As a result of all the major security breaches recently, the security discussion has focused on risk management, cyber attacks and data security. Unfortunately, there has been another type of attack we have heard too much about in the past few years: physical attacks on buildings, often involving bombs or guns. One of the most recent attacks that comes to mind is the deadly attack on the San Bernardino Administrative Center, Riverside County in California. For many organizations, this attack highlighted the need for a well-designed and well-implemented physical security program to be in place in case of emergency.
Here are a few basic topics that must be covered when creating and implementing a physical security plan within your business:
Assess your current program
Maybe your organization has established a physical security program in the past, but practices and potential threats that were planned for are out-of-date. Or maybe your organization has never formally prepared for a physical attack. It is important for businesses to be prepared for both online and physical threats. When developing a security plan, businesses must assess all current vulnerabilities and specific threats. Some threats are common to many organizations, and some are specific to a particular organization—these risks should each be examined and addressed.
Develop security measures
After determining which vulnerabilities and threats your company is faced with, a set of controls or measures used to prevent a security incident must be implemented. When considering security measures, the assessment should look from outside-in. One effective approach is to examine vulnerabilities from the perspective of an aggressor. Physical security measures are often grouped into three broad elements: operations, architecture and technology. Properly implemented, these controls can establish a balanced security program.

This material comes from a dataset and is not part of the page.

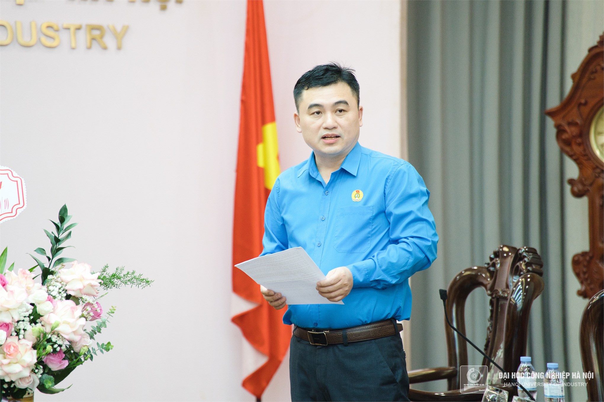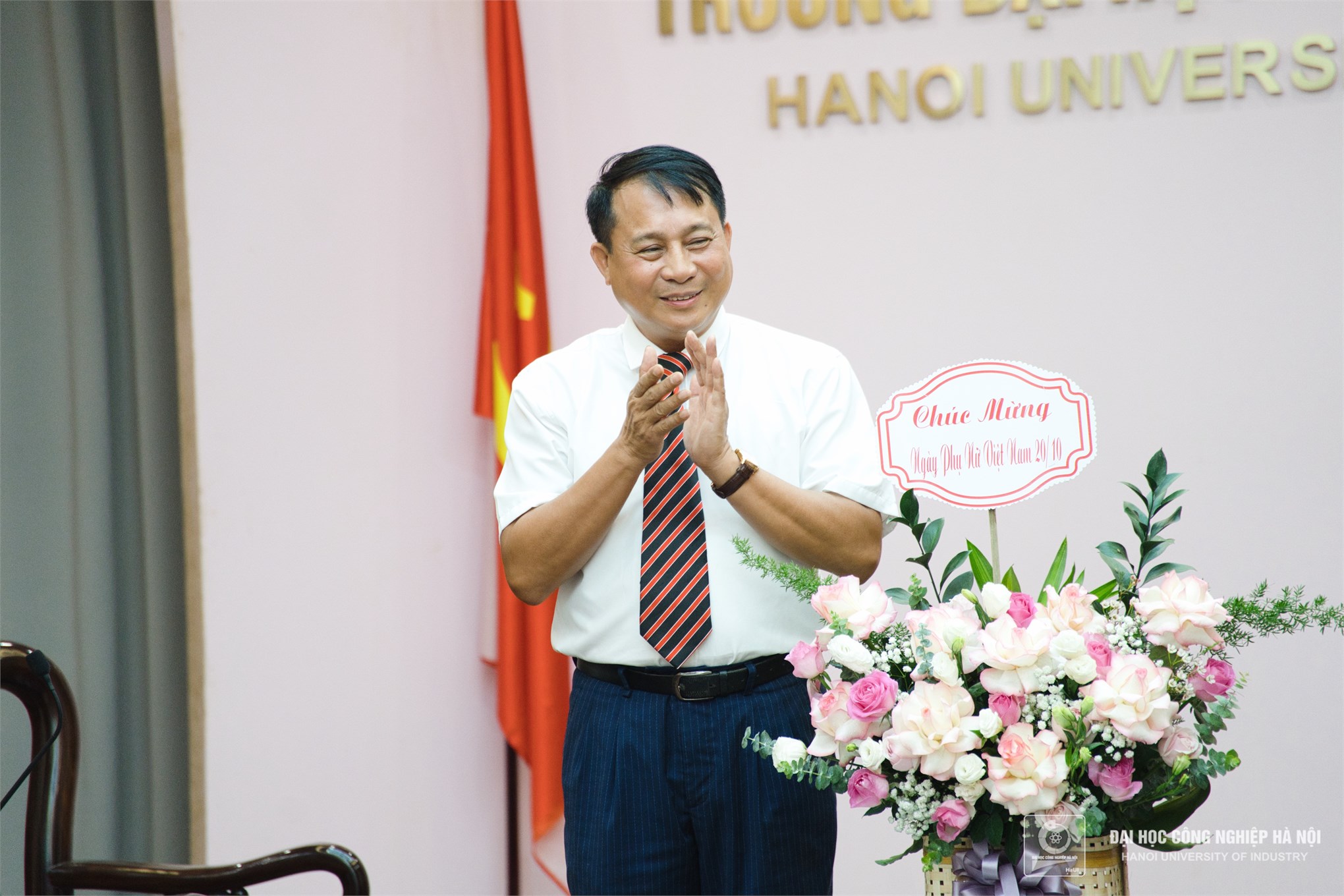 Phát biểu chúc mừng, thay mặt Lãnh đạo nhà trường, đồng chí Lê Hồng Quân - Bí thư Đảng ủy, Chủ tịch Hội đồng trường thân ái gửi tới nữ viên chức, người lao động, nữ sinh nhà trường lời chúc mừng tốt đẹp nhất.
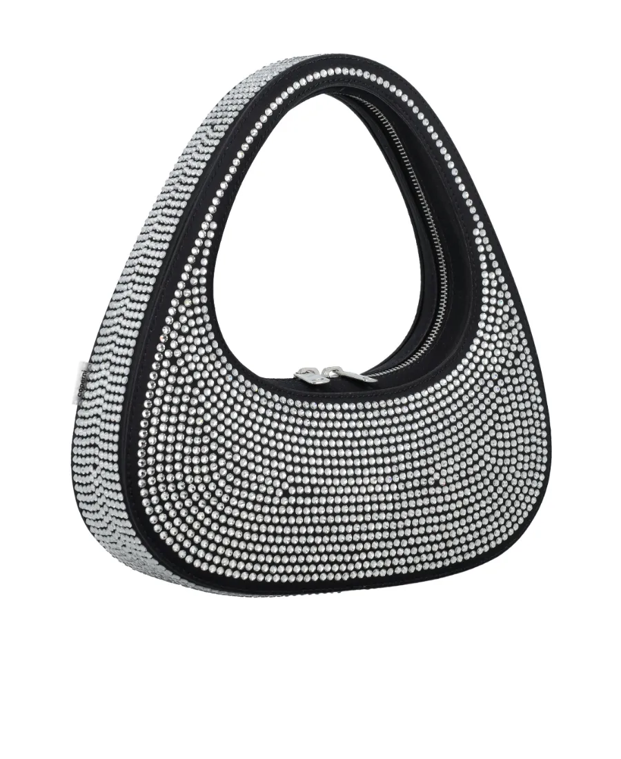 Zippered handbag with an integrated handle and a two-way zipper opening and closing. Features crystal embellishment.

Today’s security directors must justify security budgets for CFOs. Often, they are expected to explain to the CFO how implemented systems will save money. Similar to calculating cyber security ROI, there are two areas to focus on value: qualitative and quantitative. Qualitative value is subjective and unable to be measured in dollar amounts. Quantitative value is what most people think of when they think of ROI – numbers and dollar amounts. Security plans must be able to show CEO and stakeholders what physical security is doing for the company and explain why it matters.
Communicate the plan
Once a security plan is created and approved within an organization, it must be clearly communicated to all stakeholders and employees—including owners, finance staff, security supervisors, officers and others with an interest in a facility’s physical security, and all staff and employees. Consider putting your list of security measures together in a security “playbook”, or master plan, which shows accurate budgeting, planning and implementation. All employees and staff must be educated and trained in on new physical security measures and what steps to take in case of an emergency.
Ultimately, while the focus has shifted to technological safety, physical security is just as important for businesses. Physical security protects your most important assets: your employees. If your business has lost focus on physical security, it may be time to reassess your program and make some changes.